UAE-based offshore drilling contractor Shelf Drilling has signed a deal to acquire five jack-up rigs from Noble Corporation which could be the solution to UK competition regulator concerns over Noble’s merger with Maersk Drilling.
Noble Corporation entered into an asset purchase agreement to sell five jack-up rigs for $375 million to a newly formed subsidiary of Shelf Drilling whose obligations under the asset purchase agreement will be guaranteed by Shelf Drilling.
The sale, subject to approval of the UK Competition and Markets Authority (CMA), is intended to address the potential concerns identified by the CMA in the Phase I review of the proposed business combination between Noble and Maersk Drilling.

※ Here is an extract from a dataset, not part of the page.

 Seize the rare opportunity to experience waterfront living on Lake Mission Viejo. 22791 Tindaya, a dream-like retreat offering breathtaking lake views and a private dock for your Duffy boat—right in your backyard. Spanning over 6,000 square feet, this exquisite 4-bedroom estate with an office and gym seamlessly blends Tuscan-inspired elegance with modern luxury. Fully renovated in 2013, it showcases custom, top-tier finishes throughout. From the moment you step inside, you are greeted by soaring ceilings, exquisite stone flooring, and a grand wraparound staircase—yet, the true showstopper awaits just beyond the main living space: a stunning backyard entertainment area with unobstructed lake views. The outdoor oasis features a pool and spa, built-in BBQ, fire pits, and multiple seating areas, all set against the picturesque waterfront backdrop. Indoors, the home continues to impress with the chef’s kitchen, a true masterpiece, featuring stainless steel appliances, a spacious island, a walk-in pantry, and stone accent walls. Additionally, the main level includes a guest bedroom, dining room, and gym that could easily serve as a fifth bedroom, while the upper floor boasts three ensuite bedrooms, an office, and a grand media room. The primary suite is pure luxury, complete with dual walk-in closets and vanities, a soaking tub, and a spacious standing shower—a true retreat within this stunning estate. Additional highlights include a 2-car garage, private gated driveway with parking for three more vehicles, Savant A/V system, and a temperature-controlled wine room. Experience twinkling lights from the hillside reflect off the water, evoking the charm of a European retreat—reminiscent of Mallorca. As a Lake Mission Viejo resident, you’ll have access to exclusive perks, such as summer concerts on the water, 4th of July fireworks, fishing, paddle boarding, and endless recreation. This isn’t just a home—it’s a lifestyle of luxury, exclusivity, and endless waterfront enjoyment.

The proposed merger between Noble and Maersk Drilling was announced in November 2021. The UK’s CMA launched its merger inquiry in February 2022. Before the CMA’s decision, Noble and Maersk announced that they would have to sell certain North Sea rigs to get the UK regulator’s clearance. Following the announcement, the CMA claimed that it might accept a remedy proposal.

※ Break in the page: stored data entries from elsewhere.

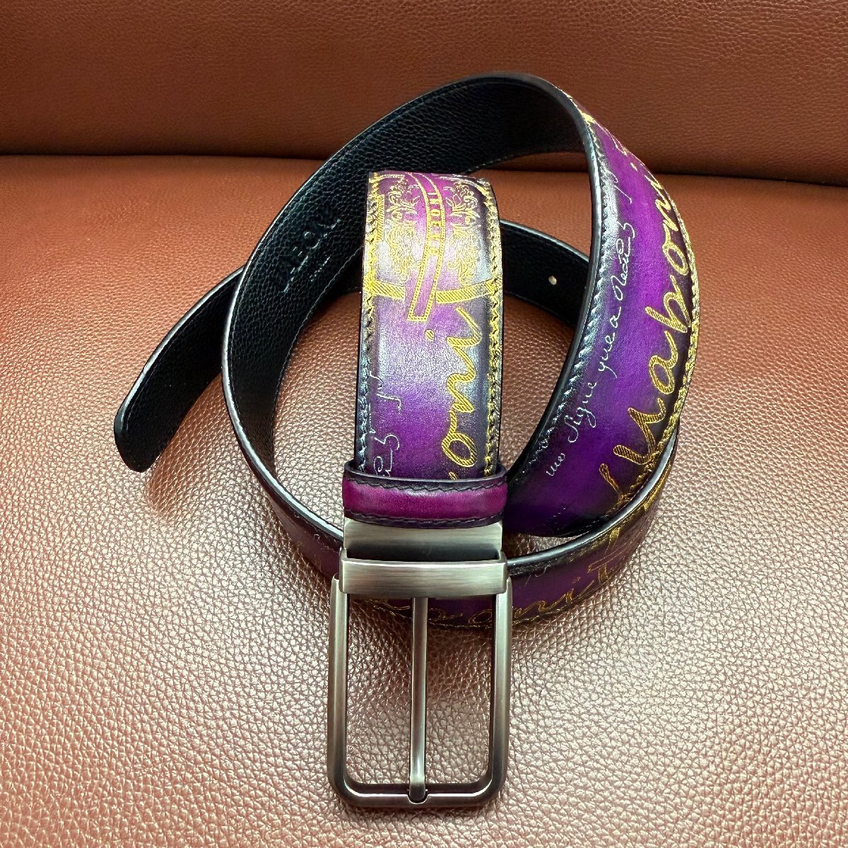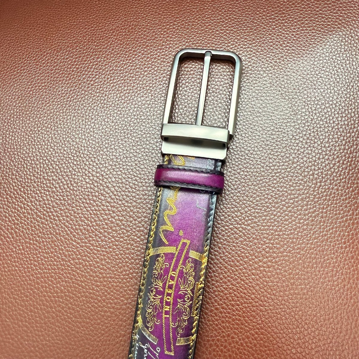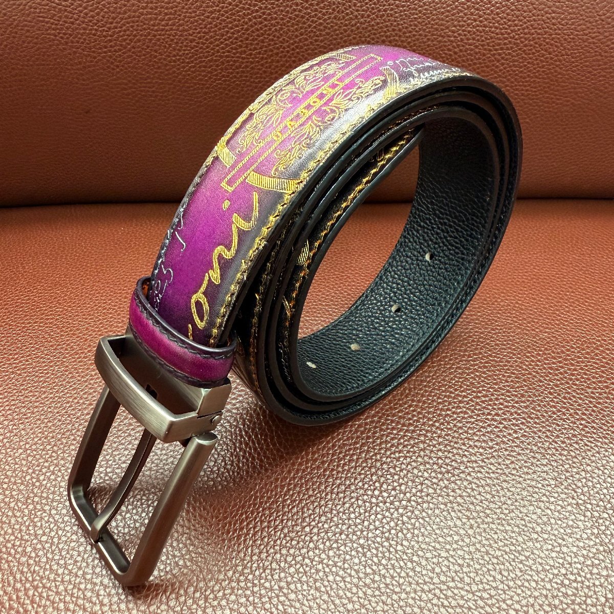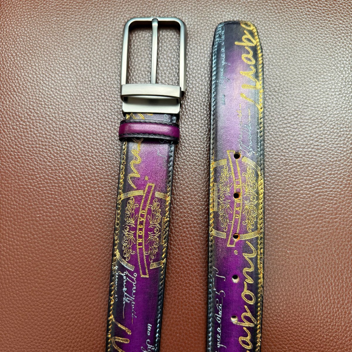 貴重品 EU製 定価9万◆UABONI*ユアボニ*幻のパティーヌ*ベルト◆レザー カーフスキン 手染 ゴールデン 調節可能 スーツ ビジネス 紳士用
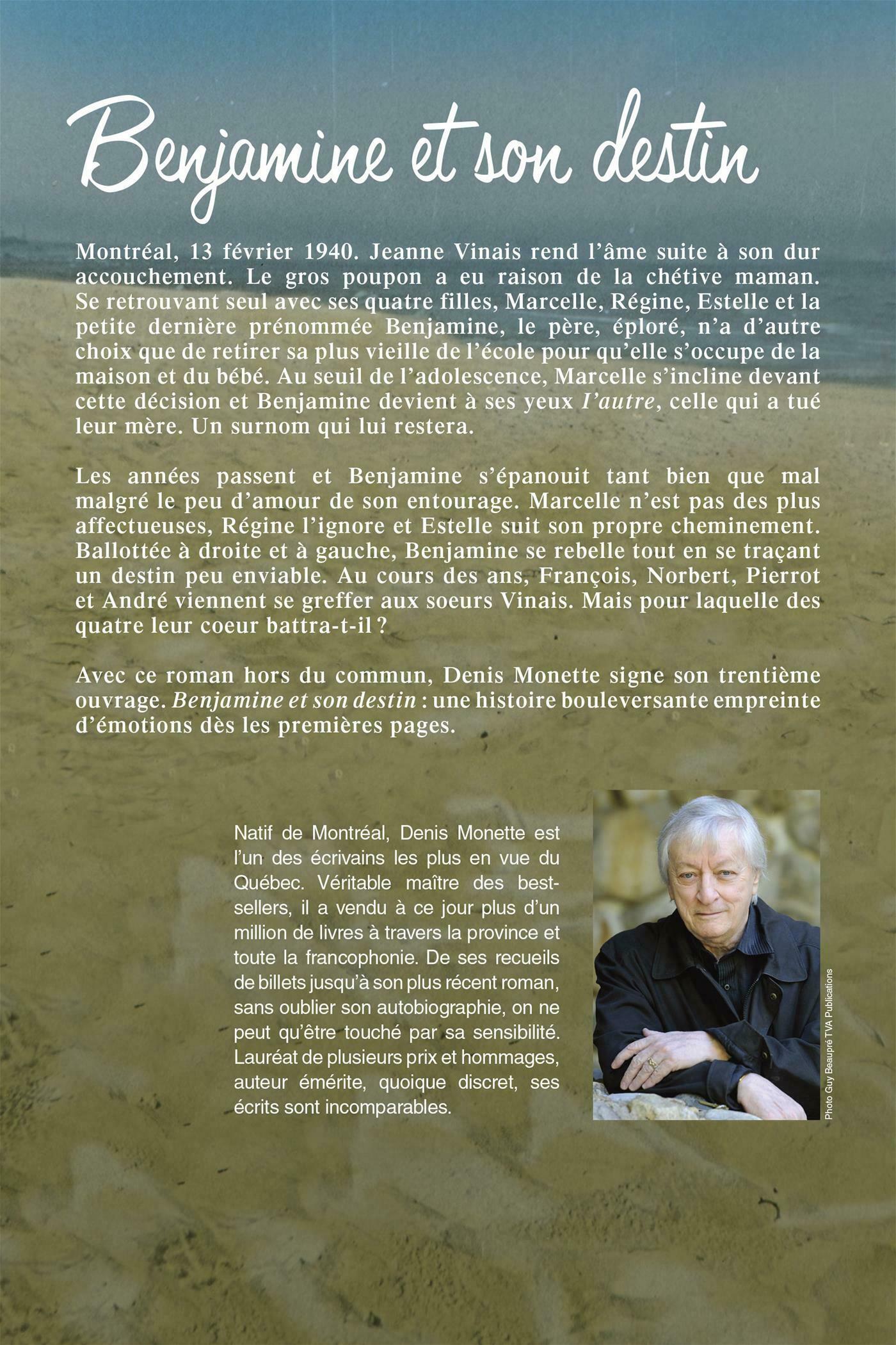 Avec ce roman hors du commun, Denis Monette signe son trentième ouvrage. Benjamine et son destin : une histoire bouleversante empreinte d'émotions dès les premières pages.
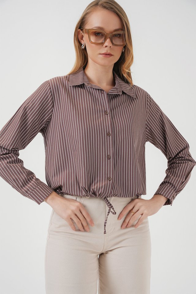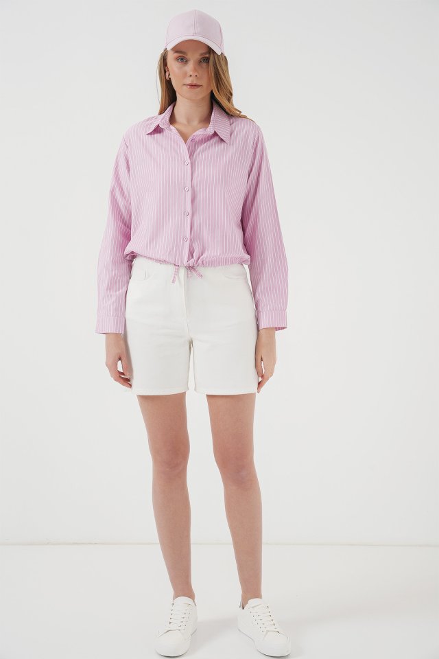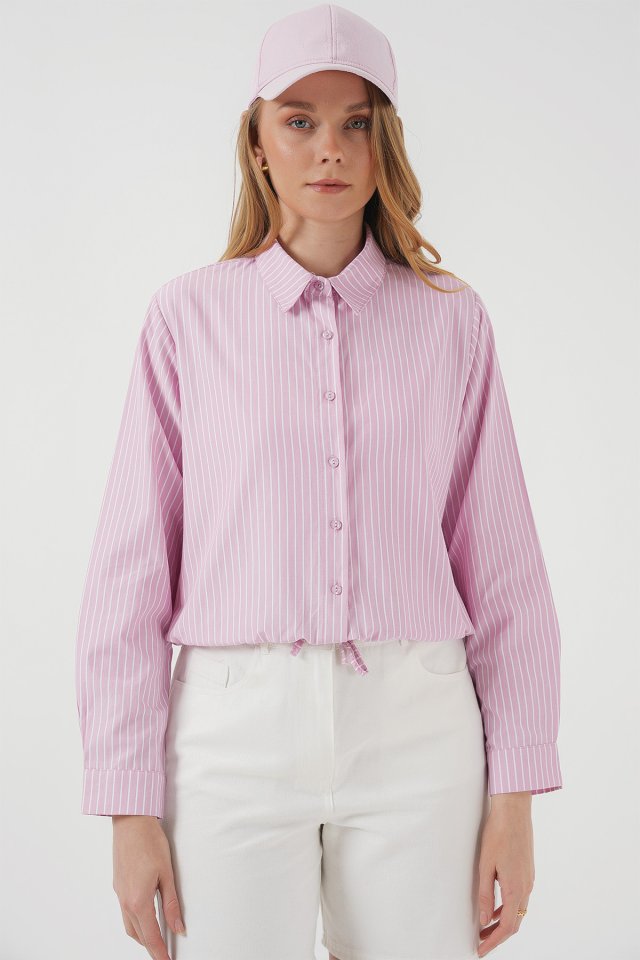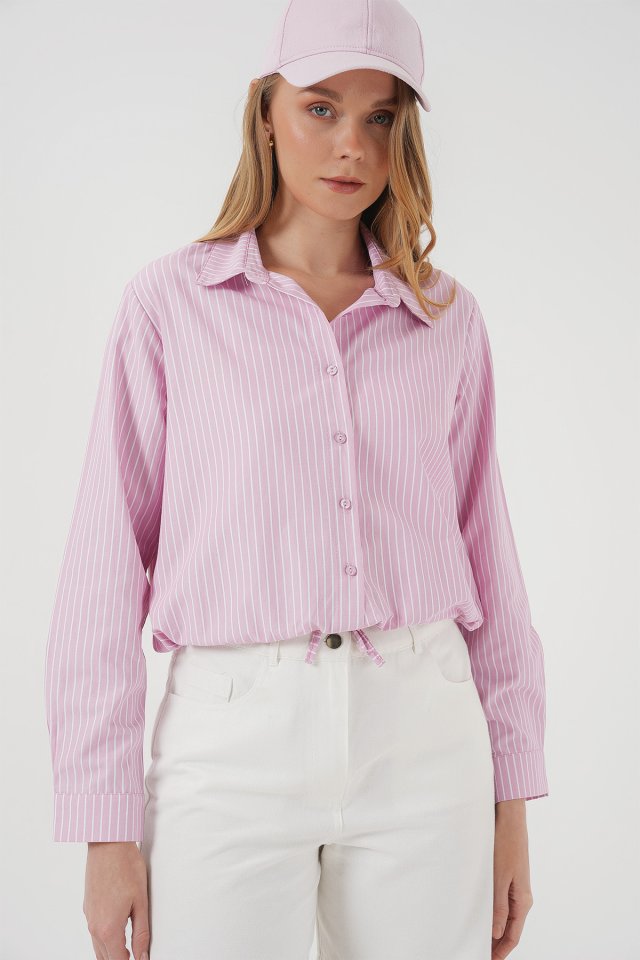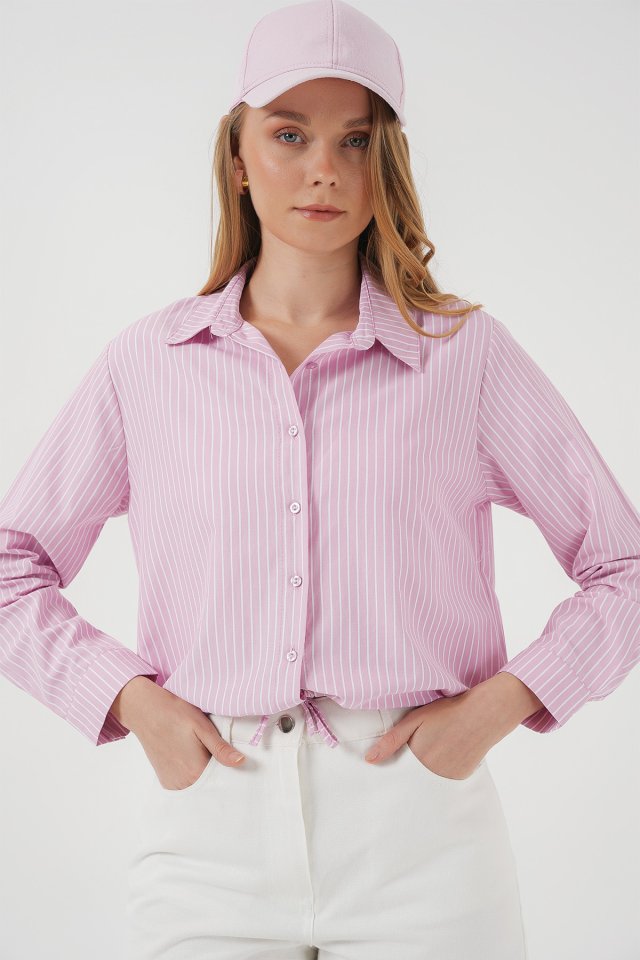 20276 Uzun Kol Çizgili Gömlek – Pembe

This so-called ‘remedy rig sale agreement’ includes the rigs Noble Hans Deul, Noble Sam Hartley, Noble Sam Turner, Noble Houston Colbert, and Noble Lloyd Noble and all related support and infrastructure.
Associated offshore and onshore staff are expected to transfer with the rigs. Following the sale, Noble expects to continue to perform the current drilling program for the Noble Lloyd Noble under a bareboat charter arrangement with Shelf Drilling until the second quarter of 2023 when the primary term of its current drilling contract is expected to end.
The charter arrangement would pass the economic benefit of the drilling contract to Shelf Drilling. Drilling contracts for other rigs are expected to be novated to the buyer, subject to the clients' consent. Noble will provide certain customary transition support services to the buyer for a limited period.
Shelf Drilling is expected to finance the acquisition through equity and debt financings, but the purchase is not conditioned on such financing. The remedy rig sale is expected to close promptly following the closing of the Noble-Maersk Drilling merger and following the receipt of CMA approval. If the buyer, remedy rig sale agreement, and the remedy proposal are accepted by the CMA, the closing of the merger is expected to occur near the end of the third quarter of 2022.
In connection with the merger, Noble currently expects to launch the planned exchange offer for shares of Maersk Drilling in August 2022. In addition to the CMA approval, completion of the merger remains subject to acceptance by holders of at least 80 percent of Maersk Drilling shares, the listing of Noble shares on the NYSE and Nasdaq Copenhagen, and other customary conditions.